Blackpool International Airport Closes
A sad loss for Blackpool as unprofitable airport to closes tonight at 18:00. Only 12 passengers on the final 17:00 flight to the Isle of Man.
The airport site's first aviation use was in October 1909, when the UK's first official public Flying Meeting was held on a specially laid out site at Squires Gate, followed by another in 1910. By 1911 the site had become a racecourse and it was used as a military hospital during the First World War and until 1924. Flights from the site resumed in the early 1930s. Small UK airlines used the airfield during the mid-1930s. Railway Air Services commenced schedules to Blackpool from 15 April 1935, linking the airport with the Isle of Man, Manchester and Liverpool. Connections could be made at the two cities to London and the south and west of England.
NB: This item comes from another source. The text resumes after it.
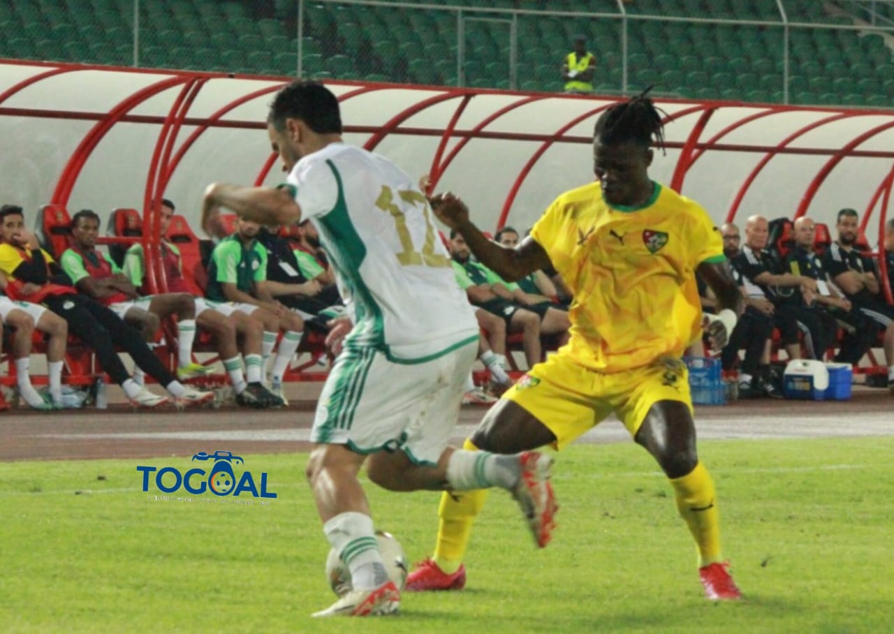 En préparation à Lomé en marge de la 34e édition de la CAN, la sélection algérienne de football a livré ce vendredi un match test face à la sélection locale du Togo. Dominateurs, les algériens n’ont pas tardé à prendre d’assaut le camp adverse. Procédant par des contre-attaques, les Éperviers ont failli surprendre leur adversaire. À la 18e minute, Akoro Bilali bien servi en profondeur élimine son vis-à-vis mais voit sa frappe repoussée par un défenseur algérien. L’Algérie se réveille et ne tarde pas à ouvrir le score. Sur un corner sortant venant de la droite, le portier Idrissa Ogodjo se loupe complètement sur sa sortie. Derrière le défenseur algérien Rami Bensebaini, de la tête, renvoie le ballon au fond des filets. 1-0, score à la pause.
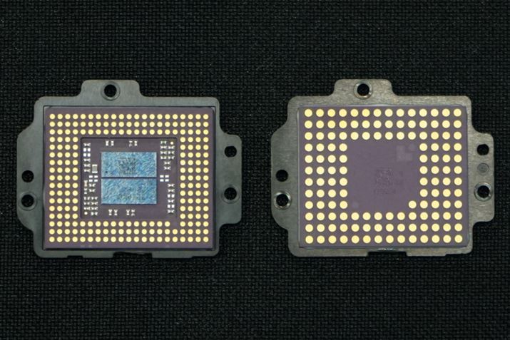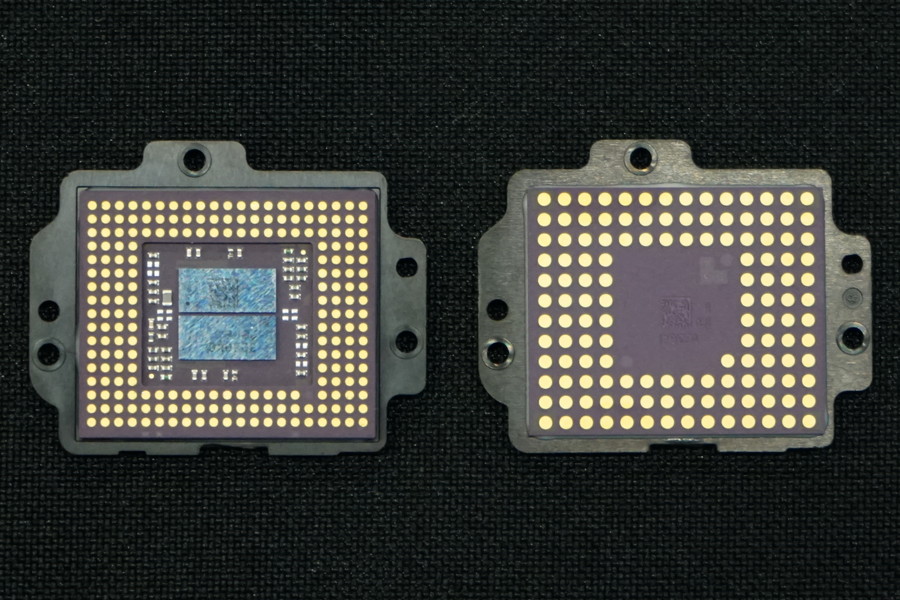 左がRX10 IIに採用されたメモリー一体1.0型積層型CMOSセンサーで、右が従来の裏面照射型CMOSセンサー。センサーの裏側を撮影したものになるが、左のメモリー一体積層型CMOSには、メモリーが搭載されている

Balfour Beatty, which bought the airport for £14m in 2008, put it back on the market in August, saying losses of £1.5m were unsustainable. The firm warned that if a decent offer wasn’t forthcoming by 7 October then it was curtains for Blackpool. Sadly for the airport’s 110 staff, as well as the hundreds more indirectly employed, no one wanted to buy an unprofitable old wartime relic built to accommodate 1.5m passengers each year which only attracted 235,000 in 2013.